I don't want to undermine my own blog too much, but the result was the most strikingly featureless dataset I have ever written about- as you can see in the graph below. The points show year by year data and the lines show 10 year averages.

Consistently, openers get about 26% of the runs, positions 3-5 get about 41%, numbers 6-8 get 25 % and the tail about 8 %. This has barely changed at all in the last 70 years.

The one small trend you can pick up is that the gap between openers and the lower middle order closes over time from a position where openers were contributing 3-4% more than numbers 6-8
up until the present day when the two contributions are basically equal (openers 25.3% vs lower middle 25.7 % over the last 10 years). This change is consistent with the increased batting role of wicket keepers which we discussed in the last post. There is a big uptick in the lower middle order data just this year, that stands out as rather an outlier- this part of the batting order has made 32.7% of the runs 2016, several percentage points above the long term average. This is in large part driven by England's reliance on that part of the line up- fully 42.6% of England's runs off the bat have come from numbers 6-8 this year. I expect the global figure (and probably England's too) will regress to the mean a bit before the year is out.

Positions 3-5 consistently provide the biggest slice of the run scoring pie. The difference between their contribution and the openers is a couple of percentage points larger than can be explained by the fact there's simply one less player in the openers category. This is consistent with the notion that teams tend to put their best batsmen somewhere between 3 and 5.

Batsmen 9-11 meanwhile, for all the talk of improving tail enders, have chipped in with about 8%  of the teams runs extremely consistently all this while and show no signs of changing.
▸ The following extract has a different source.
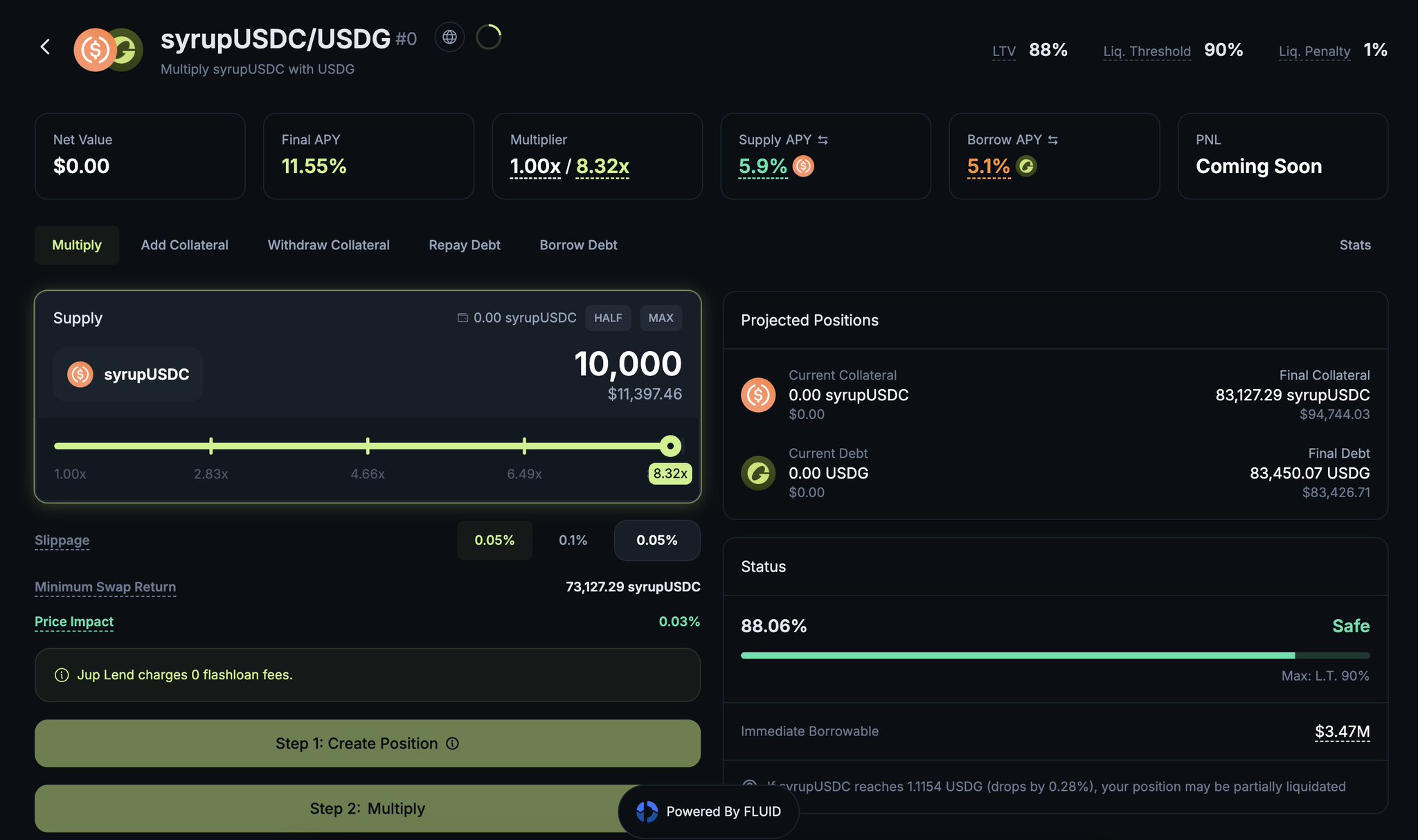 For those who earn with @maplefinance syrupUSDC, there's a Multiply 8.3x loop on @jup_lend for syrupUSDC/USDG earning 11.55%.

Plus ca change, plus c'est la meme chose.


Thursday, 26 May 2016

Charting the evolving role of the wicketkeeper

Last week's test between England and Sri Lanka belonged to Jonny Bairstow. A century on his home ground and a match winning one at that- rescuing England from 83-5 and dragging them to a total out of the reach of Sri Lanka's callow batting line up. Behind the stumps in his role as wicketkeeper he took 9 catches, making it an all round good 3 days at the office.

Bairstow is an example of what would seem to have become a pretty established pattern for the modern test match side: picking your wicketkeeper with a heavy emphasis on their willow-wielding ability, and a lesser focus on their glovemanship than might have been seen in previous generations. I don't think I'm going too far out on a limb to suggest that Bairstow is not the best pure wicketkeeper available to England, but out of the plausible  keeping options he's the best of the batsmen, at least for the longer format.

This has made me wonder: how much has the wicketkeeper's role evolved over time? How much more are teams relying on their keepers to score runs? And has an increased emphasis on the batting prowess of keepers had a measurable cost in their performance behind the stumps?

The simplest thing to think would be that picking keepers based on their batting would come at a price in catches and stumpings. But can this be seen in the data?

I particularly enjoyed researching this post, not least because answering those questions will take not one, not two, not three but four graphs.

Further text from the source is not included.